Now that’s a nihilistic alternative. And while I don’t buy it in practice–at a minimum, the law of large numbers ensures that the top-line results hold up most of the time for most of the people, which is better than waiting until we understand the mechanisms involved–it must be incontrovertibly true for SOME level of complexity, No?

I think the future for estimating heterogeneous treatment effects is to focus on observational datasets. That’s the only place we can easily find effective samples sizes of 10,000,000 or more.

I use a paint analogy. Everyone accepts that painting metal slows/prevents rust. But say you do a RCT of a bunch of painted pieces of metal then check for rust.

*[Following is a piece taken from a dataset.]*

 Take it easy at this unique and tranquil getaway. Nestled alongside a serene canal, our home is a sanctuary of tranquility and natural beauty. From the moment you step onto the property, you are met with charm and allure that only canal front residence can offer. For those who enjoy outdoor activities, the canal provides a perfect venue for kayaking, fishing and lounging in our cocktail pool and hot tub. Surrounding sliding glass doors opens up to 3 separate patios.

You can get:

1) Metal alteady painted, so additional paint does nothing

2) Metal already rusted, so paint was applied too late

3) Pieces too large for the amount of paint applied, so part of it is uncovered and rusts anyway

4) Metal that gets dinged up a lot so the paint chips off, so it will rust unless you repaint it often.

Just taking an average including all these scenarios or, even worse, only studying scenarios like that is going to lead to the conclusion “paint doesnt work”.

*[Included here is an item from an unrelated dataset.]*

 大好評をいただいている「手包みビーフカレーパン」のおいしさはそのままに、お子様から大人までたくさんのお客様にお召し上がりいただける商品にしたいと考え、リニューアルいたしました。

That basically sums up 60 years of vitamin c research, we are seeing it with HCQ for covid, etc.

The average person does not exist, so why almost all medical research directed at treating them?

Also:

https://www.medrxiv.org/content/10.1101/2020.06.29.20142703v1

A great tragedy is that not a single report of vitamin c levels in a covid patient has been published. They will be deficient, and will benefit from correcting that deficiency.

But if you just give some random amount for a few days at a random point in the disease process instead of enough of it, before massive oxidative damage is done, until the patient is healthy again, then it will probably look like vitamin c doesnt do anything.

Thank you for this post. It is reminiscent of conversations I have had over and over again with researchers, either in context of power analysis or after data collection when trying to convince them to actually look at the raw data before averaging and modeling means. The ease and availability of statistical models for means, as well as a general expectation of their use, has created a culture where we don’t even expect justification of the assumption that means are reasonable parameter of interest in the first place. In my experience, there is an deep seeded belief in scientists that means/averages are inherently meaningful and useful and there is no need to justify choice of models based on them.

Megan said,

“The ease and availability of statistical models for means, as well as a general expectation of their use, has created a culture where we don’t even expect justification of the assumption that means are reasonable parameter of interest in the first place. In my experience, there is an deep seeded belief in scientists that means/averages are inherently meaningful and useful and there is no need to justify choice of models based on them.”

+1 This has become “That’s the way we’ve always done it”, “This is what’s standard in the field” — don’t think; just follow the standard procedures.